Law firms seeking to better understand clients, and the strength of client relationships, have an often overlooked source of data: their own.
In a LexisNexis webinar on “Revenue Generating Relationships,” Toni Minick, says some of the law firms she works with have client relationship data that merits more detailed analysis. That analysis ought to be aimed at uncovering patterns and clear steps to improve those relationships, identify opportunities and develop a plan to pursue them.
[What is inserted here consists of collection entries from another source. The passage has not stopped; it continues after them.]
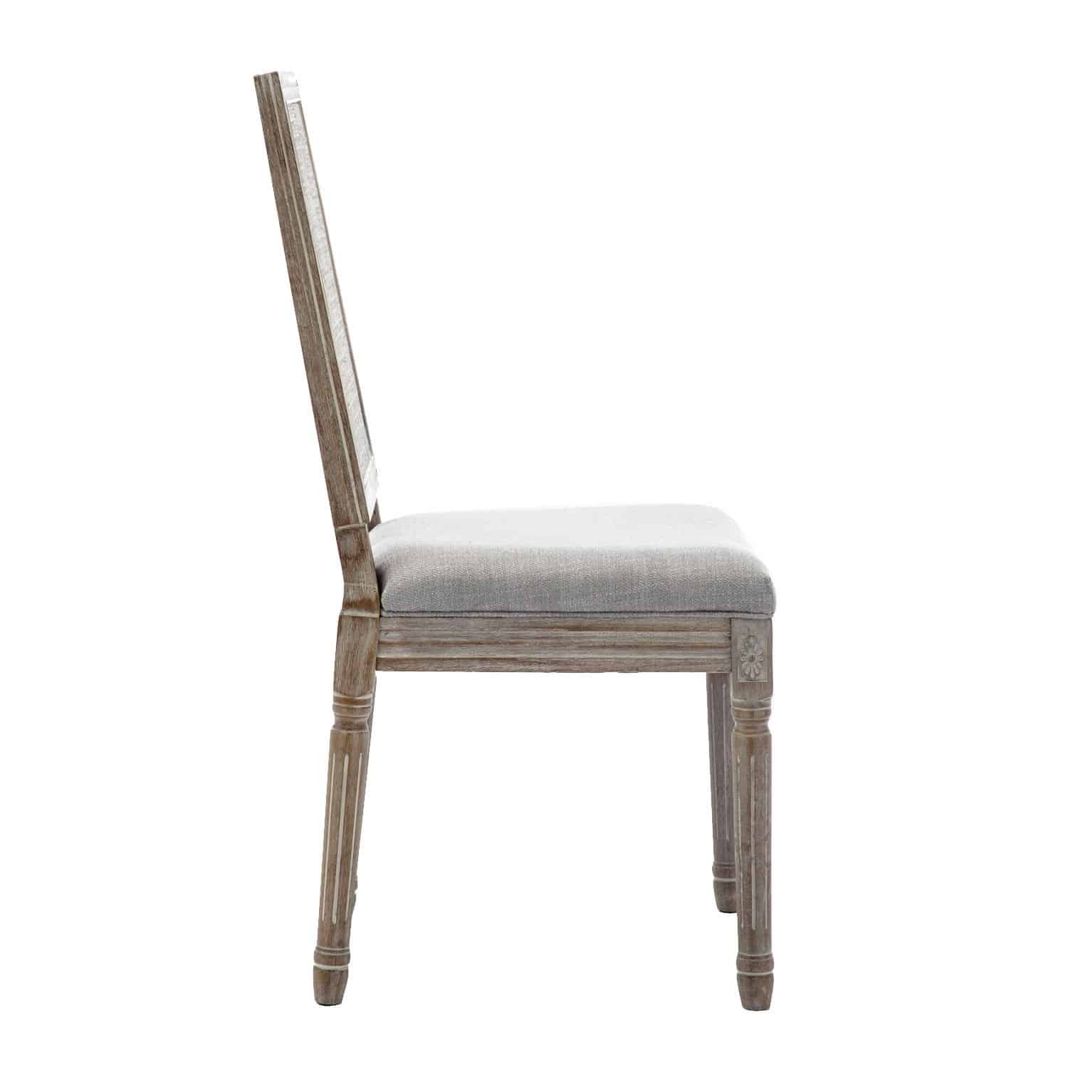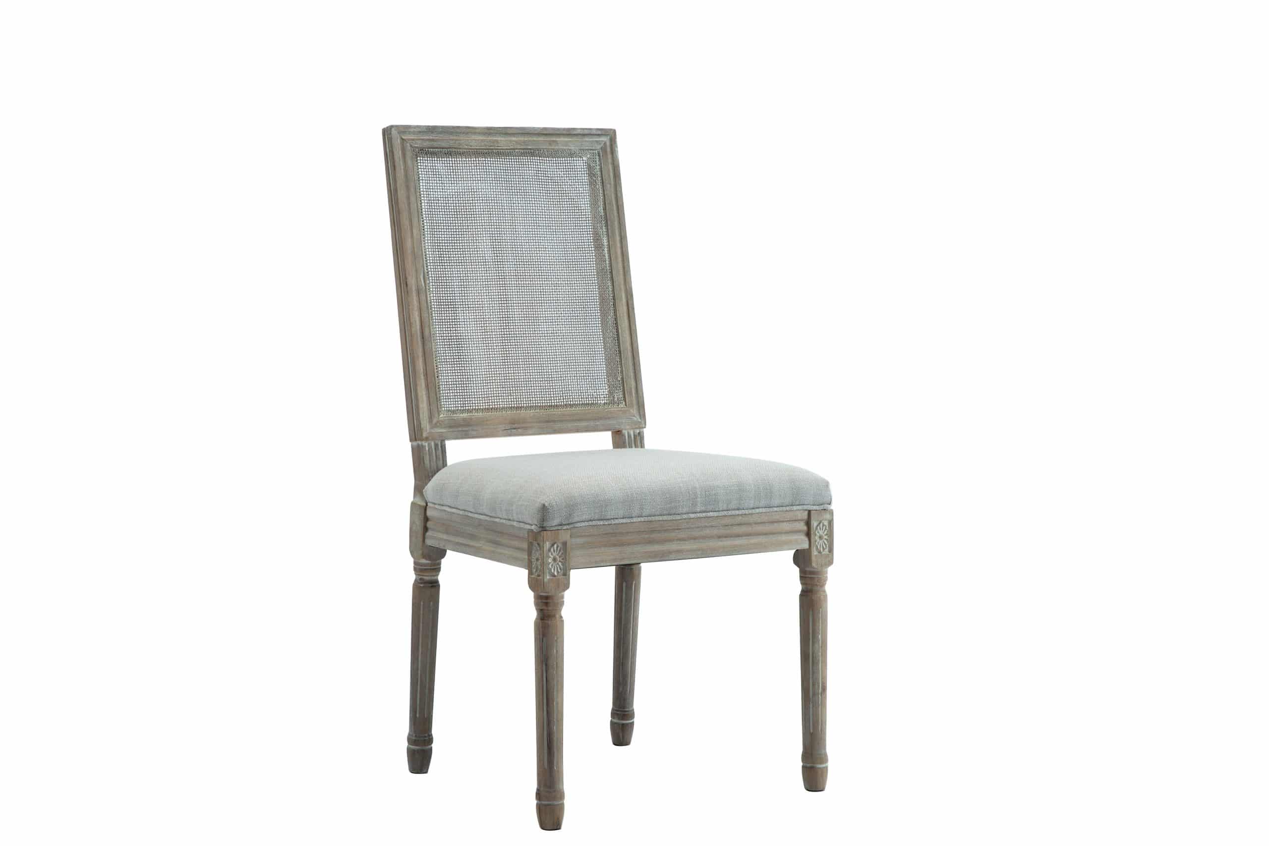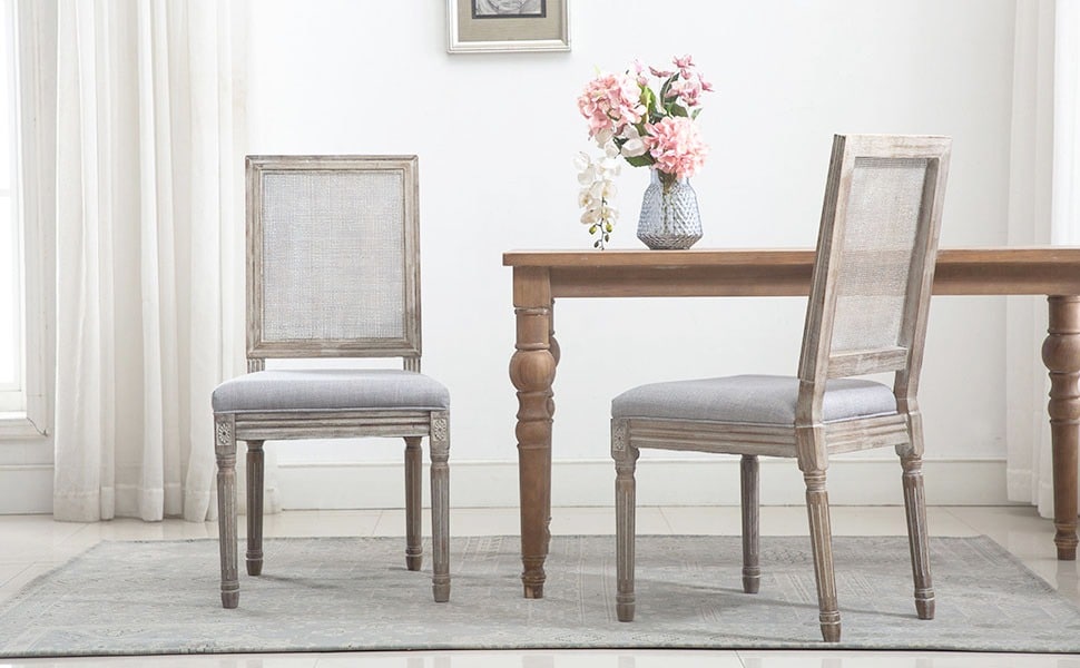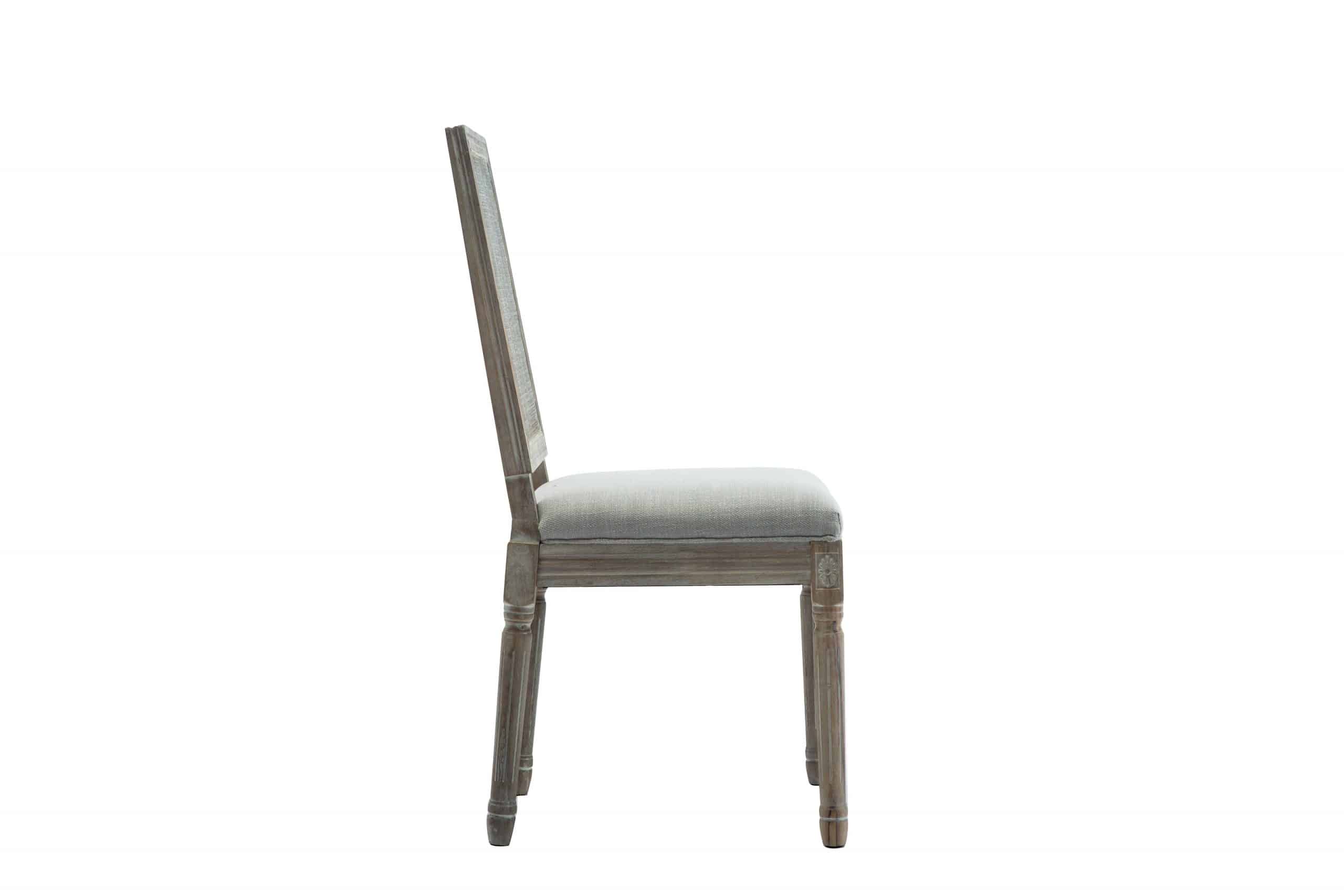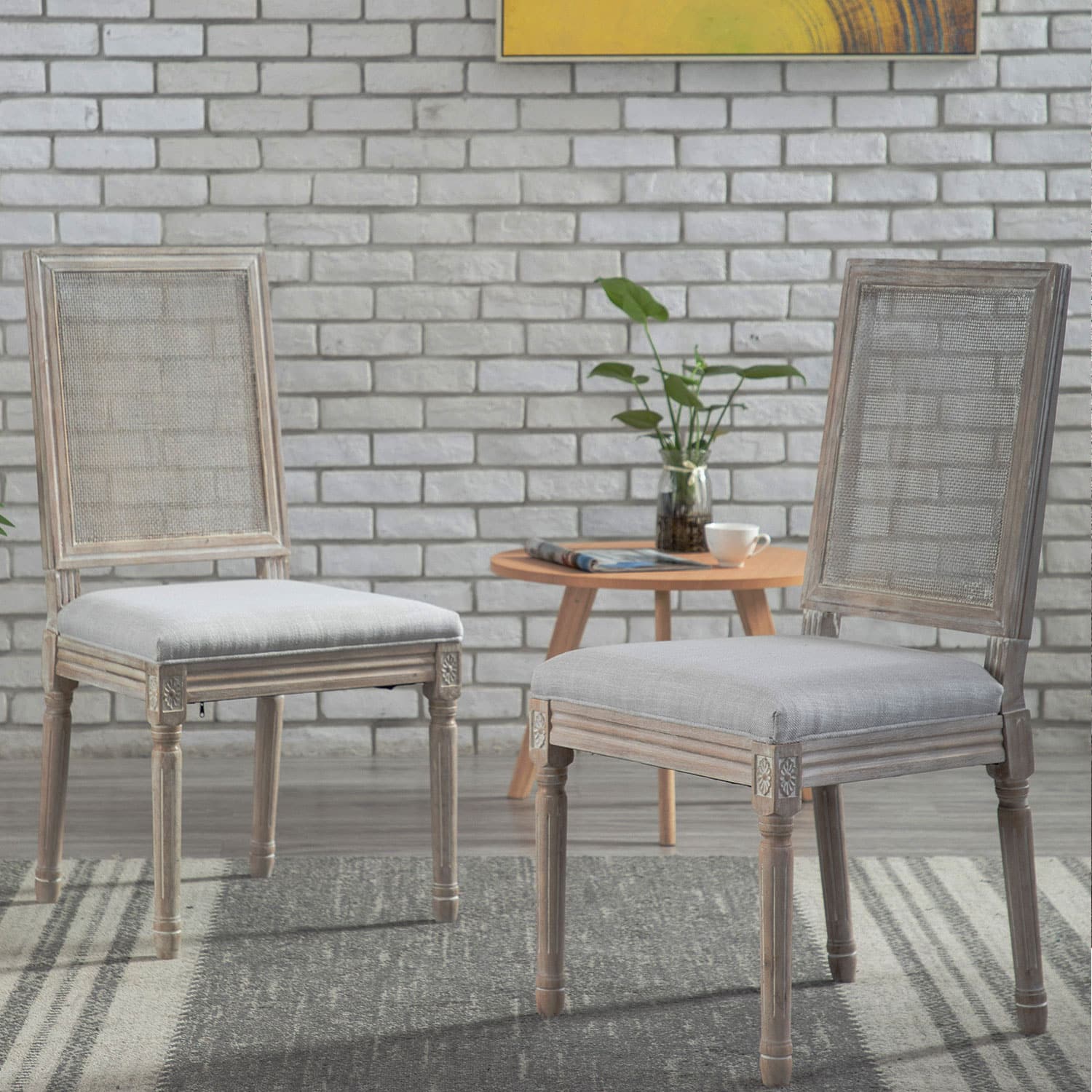 Dining chair, set of 2, rubberwood and polyester, beige and gray finishes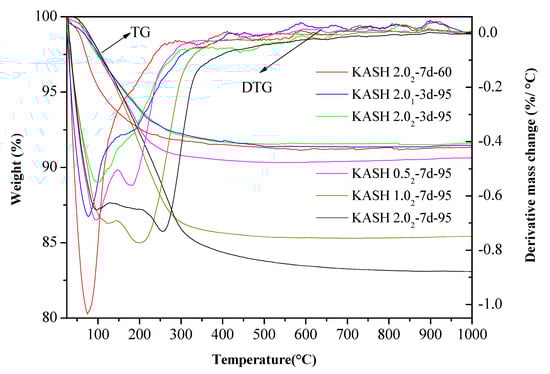 The TG/DTG curves of the K-A-S-H samples are shown in Figure 2. In general, each K-A-S-H powdery sample showed a mass loss below 150 °C. This mass loss value was related to changes in the amount of water adsorbed or evaporated [23] during synthesis. There was a large mass loss for sample K-A-S-H2.02-7d-60, suggesting high adsorbed water content due to incomplete reaction of the raw materials of the sample under the curing condition of 60 °C (the raw materials were highly hygroscopic [2]). Samples synthesized using three different K2O/SiO2 ratios were cured for 7 days at 95 °C, and the TG/DTG curves showed small mass loss peaks at 190 °C, 200 °C, and 250 °C, separately. Combined with the XRD results, the samples contained crystalline zeolite phases, indicating more tightly physically bound and/or loss of zeolite water [2,24]. These peaks were not present before 7 days of curing time, which indicates that rearrangement and structural ordering of the water-containing phases (e.g., zeolites) persisted from the 3rd day to the 7th day of curing time as the reaction progressed. Samples K-A-S-H2.01-3d-95 and K-A-S-H2.02-3d-95 also showed small mass loss peaks at around 200 °C in the TG/DTG curves, due to the loss of nonevaporable water [23,24], as defined by Thomas et al. [25,26]. This can be associated primarily with structural water and some constrained water in the gel.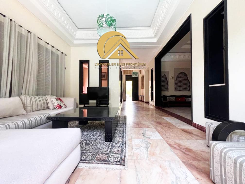 Real Estate Without Borders offers this empty villa for rent in Targa, Marrakech. It includes a large garden and a private pool, with access to a shared garden and a communal pool.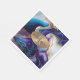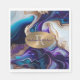 These elegant purple, gold and teal wedding napkins are personalized with a monogram initial and the names of the bride and groom.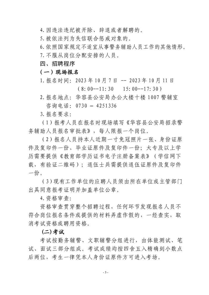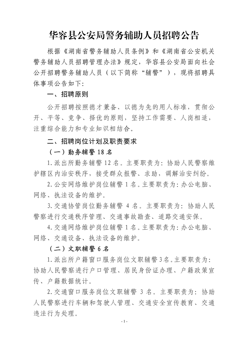 2023-09-20 17:57:55閱讀()華容縣人民政府根據(jù)《湖南省警務(wù)輔助人員條例》和《湖南省公安機(jī)關(guān)警務(wù)輔助人員招聘管理辦法》規(guī)定,華容縣公安局面向社會公開招聘警務(wù)輔助人員(以下簡稱“輔警”),現(xiàn)將招聘具體事項公告如下: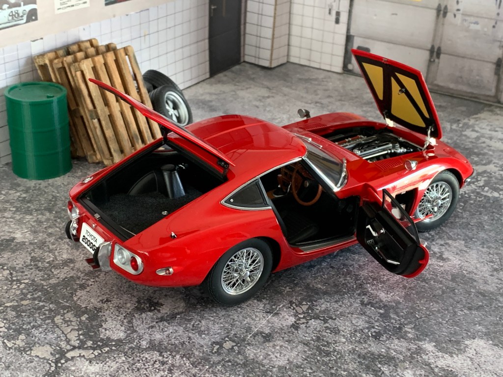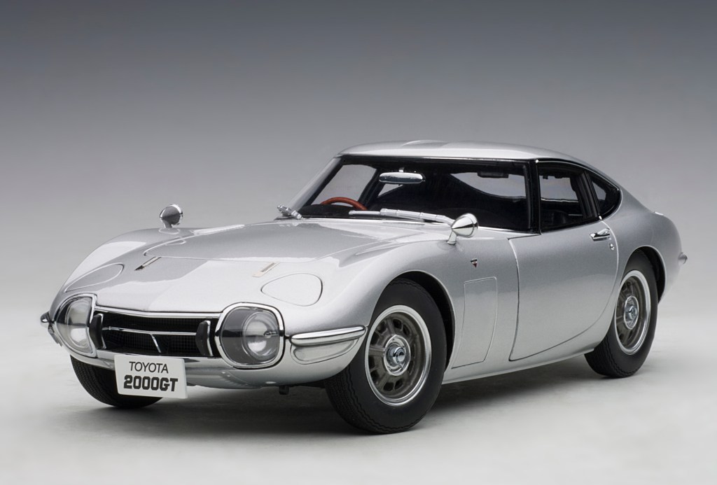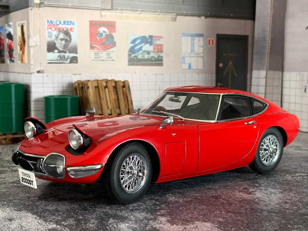 AUTOart propose à nouveau à son catalogue son exceptionnelle Toyota 2000 GT au 1/18ème. Le coupé nippon nous revient dans une superbe livrée rouge ou blanche équipée de jantes à rayons ainsi qu’en gris métal équipé de ses jantes alu traditionnelles.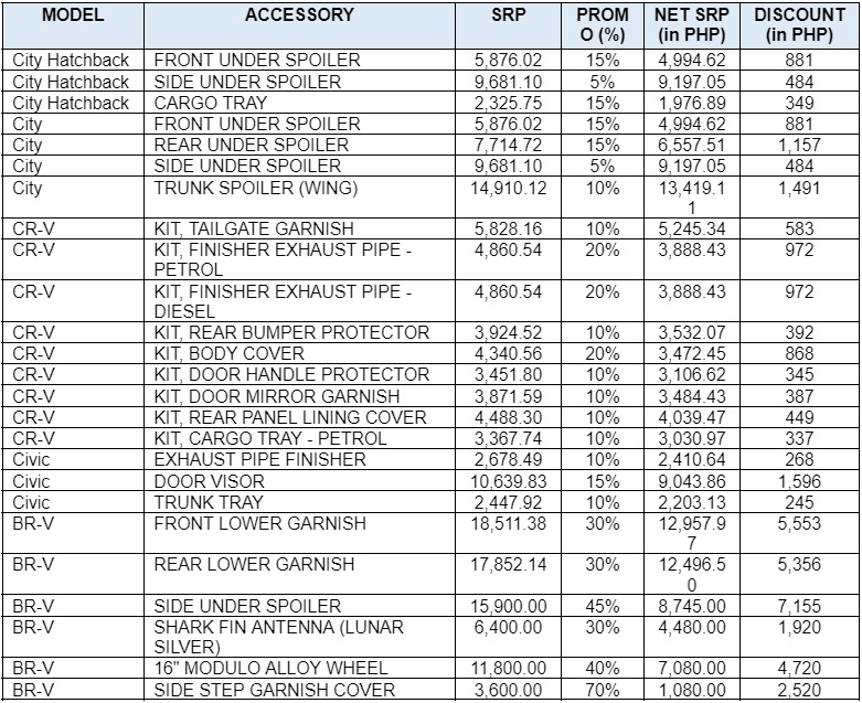 Customers may avail up to 70% off on select Honda Genuine Accessories until May 31, 2023.

During the webinar Ms. Minick, who leads product management for the LexisNexis® InterAction® law firm CRM product, articulated five key points for analyzing relationship data to create actionable plans for driving law firm business development:
1. Start with the end in mind. The most important thing a firm can do when mining data is to first identify the end goal. For example, if the firm’s goal is to increase revenue by five percent, then it is important to start tracking progress around that goal immediately – and visiting and revisiting progress on a weekly, bi-weekly or monthly basis. It’s this end goal that’s important for unifying efforts across a law firm – “to collectively define what a win is for the firm and agree on it at the outset.”
2. Win rate versus opportunities. What is a law firm’s win-rate vis-à-vis the opportunity pipeline? Ms. Minick recommends segmenting win/loss by practice area and by partners. It is here that patterns will begin to emerge. She also recommends looking for outliers, for example if a firm wins more in one practice area versus another. Take that information and visualizing it in the form of charts and graphs to communicate the state of business development to the firm leadership.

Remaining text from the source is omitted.